Lawyer Jokes
Friday Nov 07, 2008
Some law students have asked me to comment on the topic of lawyer jokes. First of all, here are some of my favorites:
Q: How was copper wire invented?
A: Two lawyers fighting over a penny.
Q: What do you call a bus full of lawyers going over a cliff, with one empty seat?
A: A missed opportunity.
Q: What do you call 10,000 lawyers at the bottom of the ocean?
A: A good start.
Q: How can you tell when a lawyer is lying?
A: His lips are moving.
Q: What's the difference between a lawyer and a carp?
A: One's a slime-sucking bottom dweller, and the other's a fish.
Q: What's the difference between a dead snake in the middle of the road, and a dead lawyer in the middle of the road?
A: The snake has skid marks in front of it.
Once you become a lawyer, you will start hearing every lawyer joke in the book. You could write the book. Friends, relatives, and everyone you know will email them to you, call you to tell them to you, and send you links to them. Ha-ha, very funny. ROTFL.

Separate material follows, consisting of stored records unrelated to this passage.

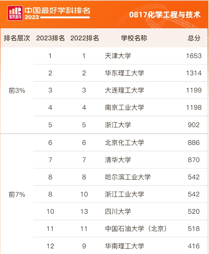 2023年11月8日,高等教育评价专业机构软科正式发布“2023软科中国最好学科排名”。四川大学“化学工程与技术”学科位列全国高校第10、综合类大学第4,在2022年全国第13的基础上再上新台阶,连续两年入选中国一流学科。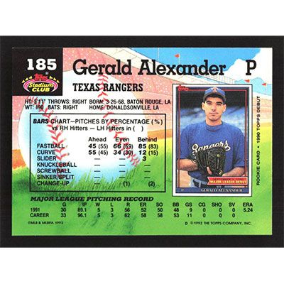 This is a 1992 Stadium Club Gerald Alexander baseball card. The card is #185 and pictures show condition.
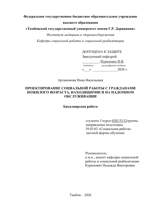 АРТАМОНОВА, ИННА ВАСИЛЬЕВНА. ПРОЕКТИРОВАНИЕ СОЦИАЛЬНОЙ РАБОТЫ С ГРАЖДАНАМИ ПОЖИЛОГО ВОЗРАСТА, НАХОДЯЩИМИСЯ НА НАДОМНОМ ОБСЛУЖИВАНИИ [Электронный ресурс]: бакалаврская работа: 39.03.02 Социальная работа: Заочная форма обучения / И. В. АРТАМОНОВА; ТГУ им. Г. Р. Державина ; науч. рук. д. пед. н., профессор, Н. В. Курилович. — Электрон. текстовые дан. (1 файл). — Тамбов, 2026. — Загл. с титул. экрана. — <URL:https://elibrary.tsutmb.ru/dl/docs/vkr19160.pdf>.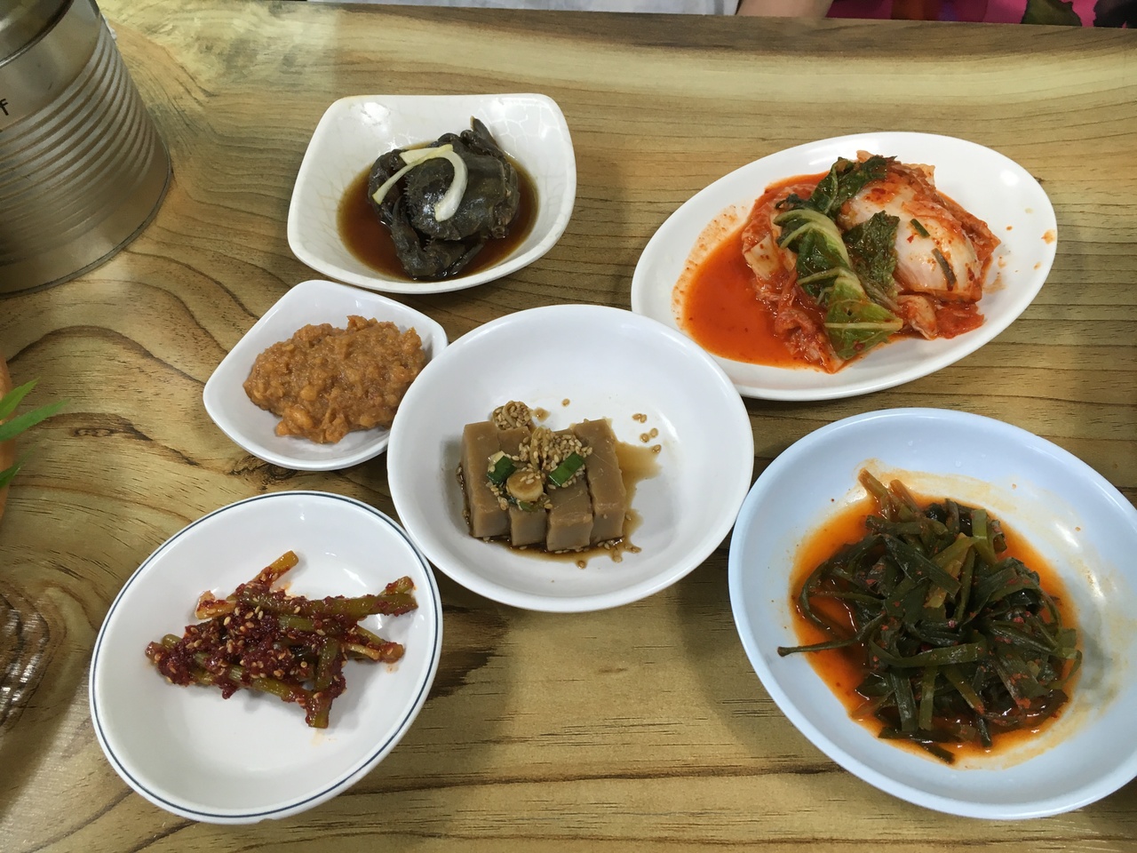 日本で言う茎ワカメと、たくあん、豆もやし、キムチ。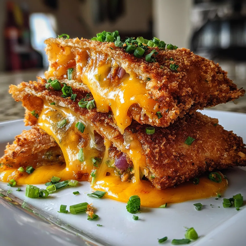 Crispy fried Doritos stuffed with gooey melted cheese, coated in a crunchy breading and deep-fried to golden perfection for an irresistible snack.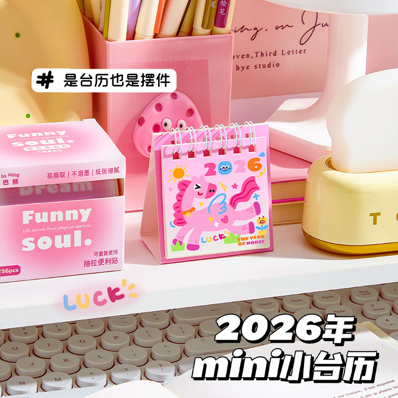 2026年迷你台历卡通可爱桌面摆件创意小日历学生中考高考倒计时提醒提示牌记事日程计划表办公室月历自律打卡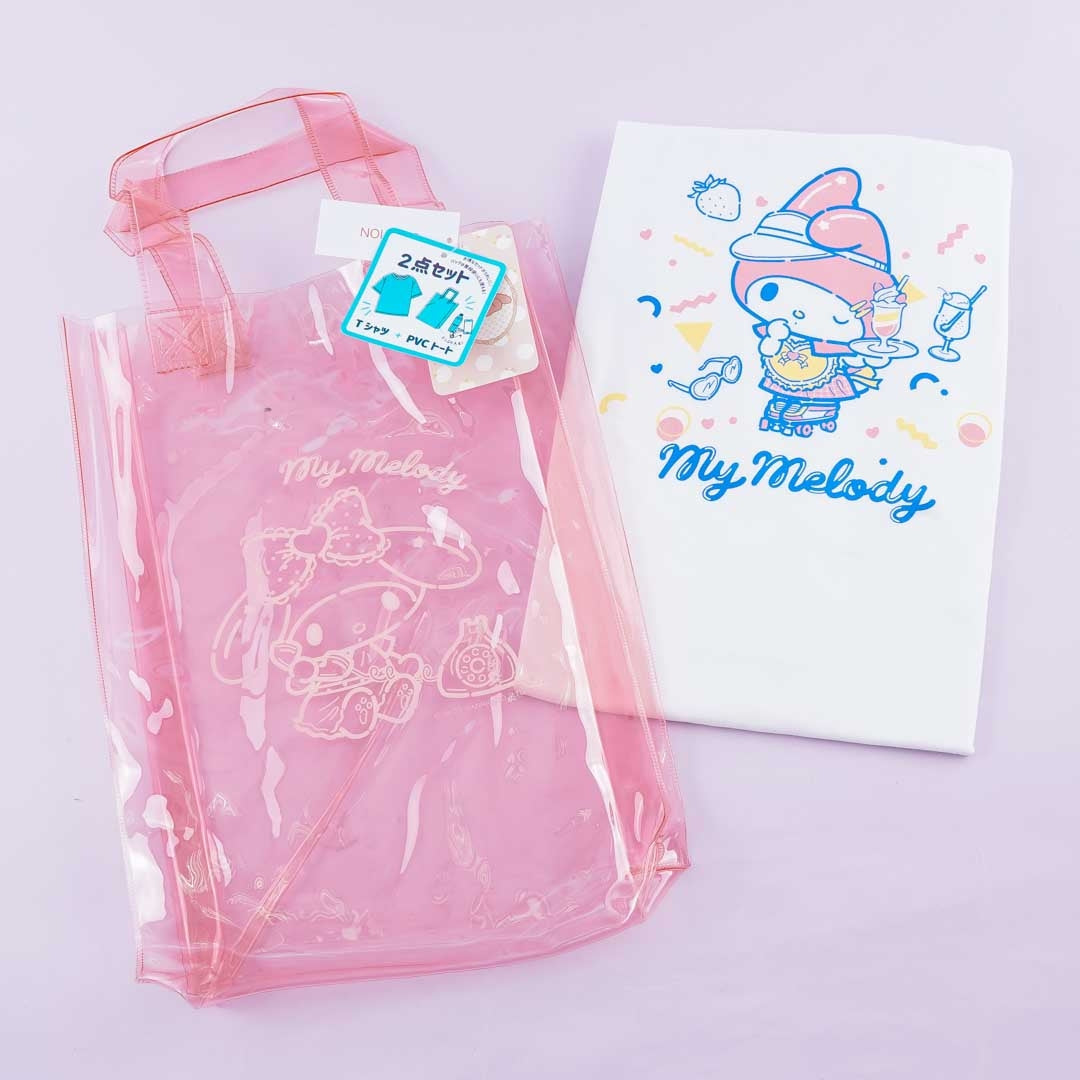 Dress up in kawaii fashion by adding this shirt and bag set to your outfit of the day. The shirt is illustrated with a print of My Melody serving sweet drinks. Bring your essentials inside the bag featuring a print of My Melody with a telephone!

I figure, if you can't beat 'em, join 'em. I generally start my presentations to clients with a lawyer joke or two. This does two things. First, it helps me feel less anxious (I've always had stage fright). Second, it shows the client that I can laugh at myself, and that I don't take myself too seriously. This is a great icebreaker, and clients just LOVE it.
Note that these are always "lawyer" jokes. They are never "attorney" jokes. My husband is also a lawyer, and is a litigator. He calls himself a "lawyer." On the other hand, he always refers to me as an "attorney." He says that what I do is too sophisticated for me to be called a "lawyer."
So what's the fascination with lawyer jokes? I've thought about this a lot and haven't really settled on an answer, but have some theories. First of all, people generally don't trust lawyers - they've all heard horror stories about lawyers keeping clients' money, robbing them blind, being non-responsive and ignoring their clients, and not complying with all of the rules of ethics and professional responsibility that good lawyers need to comply with. In other words, doing all the things that get lawyers disciplined, disbarred, and plastered on the front of the Wall Street Journal, wearing handcuffs and orange jumpsuits.
In addition, the law is a mystery to most people. Even after going to law school and practicing law for many years, some laws are still incomprehensible. People fear what they don't understand. People also fear lawyers, because they generally only need one when something has gone drastically wrong.
How do you deal with something you don't like, trust or understand? Make fun of it! Laugh at it! Belittle it! This is just human nature - it helps bring things down to a more manageable level where you can feel more comfortable with it. It's sort of the same approach as the the playground bully who makes fun of everyone else so he can feel better about himself. Except there are so many bad lawyers that live up to the reputations that the jokes portray that it's fuel for even more jokes.
Take a look at the number and type of disciplinary matters the State Bar of California dealt with in 2007 to see what I'm talking about here. Click on the 2007 Annual Discipline Report under "Reports" on the left side. Astonishing.
So, I strive to be different. I love working at Sun because it's such an ethical company, as I've discussed before. It's easy to do the right thing here. I work on being perceived as an "attorney" rather than a "lawyer." I love it when my clients say, "Wow - you don't SEEM like a lawyer!" And I laugh at the jokes along with everyone else.